American television series

The Smothers Brothers Show (also known as My Brother the Angel) is
an American fantasy sitcom featuring the Smothers Brothers that aired on CBS on Friday nights at 9:30 p.m. ET from September 17, 1965, to April 22, 1966, co-sponsored by Alberto-Culver's VO5 hairdressing products and American Tobacco's Tareyton cigarettes. It was the first television show to feature the Smothers Brothers as regulars, following a series of night club and guest appearances. It lasted one season, consisting of 32 episodes.

It was the network's last sitcom filmed in black-and-white; shortly after its final telecast, all CBS prime-time series were transmitted in color. In 1986, two decades after cancellation, reruns were seen on Nick at Nite.

==Synopsis==
Dick Smothers played himself as a rising young executive at Pandora Publications, working for publisher Leonard J. Costello (Roland Winters). Brother Tom had been lost at sea two years earlier and now shows up as an apprentice angel assigned to do good deeds on Earth to earn his wings and become a full-fledged angel. Of course, Tom's efforts to help people never seem to work as planned and Dick had to help him clean up the mess. Tom received his orders from Ralph, his unseen and unheard boss. The series also featured Harriet MacGibbon as Mrs. Harriet Costello, and on occasion, Ann Elder as Dick's co-worker and girlfriend, Janet. Eileen O'Neill also appeared in several episodes as another of Dick's girlfriends, Wanda. As was typical of the Smothers Brothers in The Smothers Brothers Comedy Hour, Dick was typically the straight man to Tom's humorous antics.

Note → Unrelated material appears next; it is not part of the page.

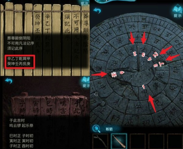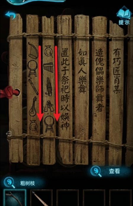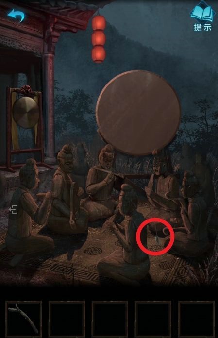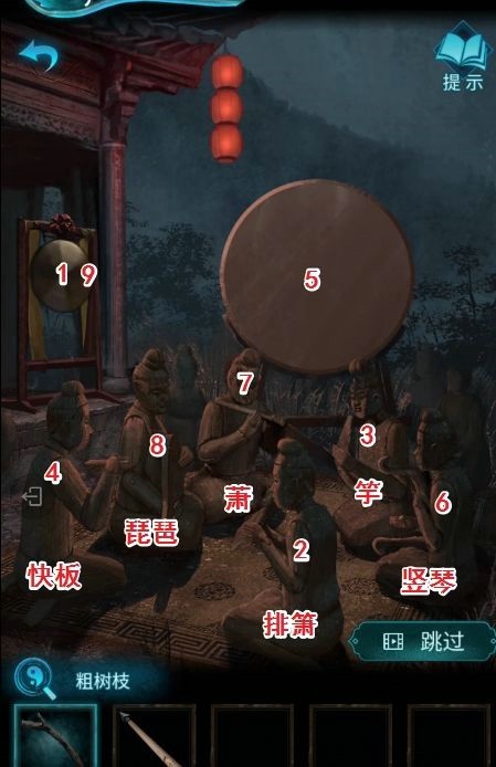 3.点击场景中间的架子,根据门口牌子上的内容与崖顶日晷的提示推理出架子上敲锣顺序(巳时正日晷上的刻度对应的是甲,子时初对应庚,则推算出敲锣顺序为【甲庚丁乙辛壬】),用粗树枝敲响锣。

===Creative control struggles===

The series was produced by Four Star Television in association with the brothers' Knave Productions (named for Tom's catchphrase "Curb Your Tongue, Knave!" and the title of their 1963 record album).

This series may have inspired the Brothers' more successful later series The Smothers Brothers Comedy Hour in that Tom Smothers had been critical of the series as not being compatible with the brothers' strengths, and both brothers were reportedly uncomfortable performing in a scripted format (in fact, he fought with Four Star executives over more creative control of the series, earning an ulcer and irritating his marital relationship to the point of divorce at the end of the season).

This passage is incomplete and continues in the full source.